ORA has some modules designed to execute two additional analyses: one focused on polycistronic transcripts and another one on 5’ and 3’ ends. During the first analysis, ORA performs a further check to verify the reliability of polycistronic transcripts as their presence in S. cerevisiae was previously predicted . The analysis is based on the method described by Campanaro and colleagues  and verifies whether two adjacent genes are part of a real polycistronic transcript or if the prediction is a false positive determined by the closeness of their transcripts on the genome (Figure 1).
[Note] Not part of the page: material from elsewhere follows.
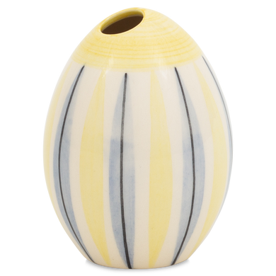 Die Vase „Standei” klein HBW 754A ist ein wahres Schmuckstück für Ihre kreative Frühlings- und Osterdekoration. Mit einer Höhe von 9 cm und einem Durchmesser von 7 cm fügt sie sich perfekt in jedes Arrangement ein – sei es auf dem festlichen Ostertisch oder als charmantes Detail im Wohnraum. Diese handgefertigte Vase aus den traditionsreichen Hedwig Bollhagen Werkstätten verbindet Tradition mit modernen Akzenten und lässt sich wunderbar mit frischen Blüten oder Zweigen bestücken. Das kleine Loch an der Oberseite bietet genau den richtigen Raum, um zarte Blumen stilvoll in Szene zu setzen. Erhältlich in den vielfältigen Dekoren der Kollektionen Varius, Ritz und Fayence, bringt diese Vase Farbe und Stimmung in Ihre Wohnräume. Wenn Sie ein stimmiges Gesamtbild schaffen möchten, lässt sich diese Vase wunderbar mit der größeren Variante (HBW 707138) kombinieren – hervorragend, um Ihre Dekoration abwechslungsreich und elegant zu gestalten.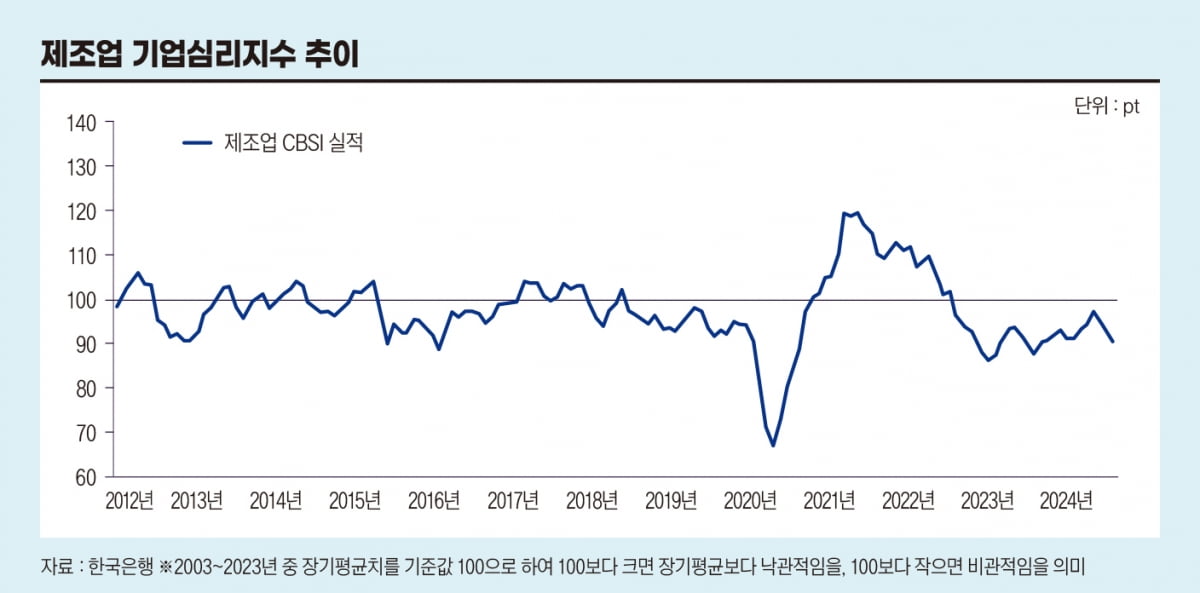 시장 심리가 좋은 것도 아니다. 미국의 금리인하로 훈풍이 불 것 같지만 아직은 싸늘하다. 기업심리지수는 주요국의 경기둔화 우려 등으로 석 달 연속 하락세다. 한국은행의 ‘9월 기업경기조사 결과’에 따르면 전산업 기업심리지수(CBSI)는 91.2로 전월보다 1.3포인트 하락했다. 이는 3개월 연속 하락세로 지난 3월(89.4) 이후 최저치다. 장기평균치(2003년 1월~2023년 12월)를 기준값 100으로 해 100보다 크면 장기평균보다 낙관적임을, 100보다 작으면 비관적임을 의미한다.

Reliability of this approach was previously determined  comparing results with a bioinformatics prediction method .
ORA identified a small number of bicistronic transcripts (19 in S288c), some of these YIL165C-YIL164C, YKL022C-YKL021C, YOR059C-YOR060C, YOR376W A-YOR377W, YFR033C-YFR034C, YDR481C-YDR482C were previously identified [8, 10]. Sixteen of these transcripts were identified only at 6 or 45 g/l and were not considered real fusion genes but distinct transcripts not separated by untranscribed intergenic regions. This result highlights the importance of comparing transcriptome reconstruction in different growth conditions. A validation of the remaining 3 bicistronic transcripts (YFR033C-YFR034C, YFL057C-YFL056C and YIL165C-YIL164C) was performed considering paired-end reads  and polyadenylation sites  (Additional file 9: Figure S5). Results suggest that only YIL165C-YIL164C is transcribed as a bicistronic transcript and this is expected because these two genes in closely related species and in some S. cerevisiae strain backgrounds likely constitute a single ORF encoding a nitrilase gene .
The second additional analysis is performed on transcripts with coverage higher than 20 to improve the prediction of their 5’ and 3’-ends (Figure 1). In a comparison between UTRs size determined by tiling arrays experiments and those determined by RNA-seq  it was seen that the latter method tends to overestimate the size of high coverage transcripts (Figure 2c). Due to its high sensitivity the RNA-seq detects very low abundance transcripts of unclear origin. Our results highlighted the presence of an “anomalous” elongation of the UTRs with “tails” having very low coverage. For this reason, in high coverage genes a better estimation of the transcript ends can be obtained introducing a trimming step. In this process the terminal parts of the transcript where the coverage become equal or lower than three were removed (Figures 2, 3 and 4). However, it remains to be clarified whether these 5’ and 3’-ends with very low coverage can have a functional value or if they are generated through anomalous transcriptional initiations.
One of the main problems in transcriptome reconstruction is the prediction of very low coverage transcripts, in particular those not assigned to a reference gene (i.e. S. cerevisiae SUTs). In specific cases, the transcript prediction tends to be splitted into separate portions and this led to an overestimation of the real number of ncRNAs. This issue is very hard to solve with currently available sequencing methods and for a reliable prediction very deep transcriptome sequencing is needed.Another critical point was highlighted by our results from analysis of RNA-seq reads obtained using the SOLiD 3 platform: the SOLiD analysis software removes the reads partially or completely overlapped to the poly-A. This led to an underestimation of the 3’-UTR size (Figure 2). The lack of these reads was demonstrated through a specific check performed on the 3’-terminal sequences partially overlapped to the poly-A (data not shown). Due to the underestimation of the 3’-UTR size, in the Results and Discussion section we will focus only on the results obtained for the 5’-UTR regions.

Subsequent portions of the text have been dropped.